----- SUPPLIED DATA -----

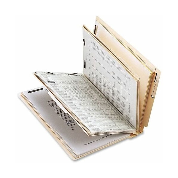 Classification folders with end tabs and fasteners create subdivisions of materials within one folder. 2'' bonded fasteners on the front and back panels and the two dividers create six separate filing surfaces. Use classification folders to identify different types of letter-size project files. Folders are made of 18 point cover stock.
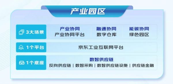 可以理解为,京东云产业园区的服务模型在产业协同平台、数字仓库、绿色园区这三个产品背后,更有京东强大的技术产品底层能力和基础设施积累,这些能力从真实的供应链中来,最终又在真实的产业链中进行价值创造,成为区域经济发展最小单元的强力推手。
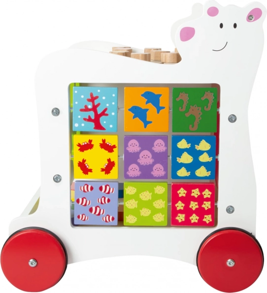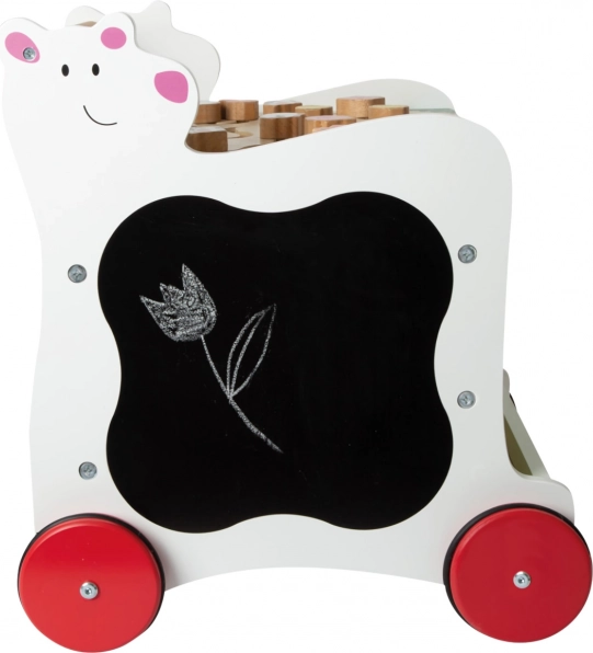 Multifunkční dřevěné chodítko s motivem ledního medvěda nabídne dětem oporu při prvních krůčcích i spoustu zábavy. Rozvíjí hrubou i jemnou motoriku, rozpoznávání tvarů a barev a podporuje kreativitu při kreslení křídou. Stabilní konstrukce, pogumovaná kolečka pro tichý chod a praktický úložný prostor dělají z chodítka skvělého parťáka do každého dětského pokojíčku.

-----

- _REQUIRED ACTION_: Output the full listing verbatim; pictures stay out.

- _OUTPUT FOR THIS EXERCISE_:
 Classification folders with end tabs and fasteners create subdivisions of materials within one folder. 2'' bonded fasteners on the front and back panels and the two dividers create six separate filing surfaces. Use classification folders to identify different types of letter-size project files. Folders are made of 18 point cover stock.
 可以理解为,京东云产业园区的服务模型在产业协同平台、数字仓库、绿色园区这三个产品背后,更有京东强大的技术产品底层能力和基础设施积累,这些能力从真实的供应链中来,最终又在真实的产业链中进行价值创造,成为区域经济发展最小单元的强力推手。
 Multifunkční dřevěné chodítko s motivem ledního medvěda nabídne dětem oporu při prvních krůčcích i spoustu zábavy. Rozvíjí hrubou i jemnou motoriku, rozpoznávání tvarů a barev a podporuje kreativitu při kreslení křídou. Stabilní konstrukce, pogumovaná kolečka pro tichý chod a praktický úložný prostor dělají z chodítka skvělého parťáka do každého dětského pokojíčku.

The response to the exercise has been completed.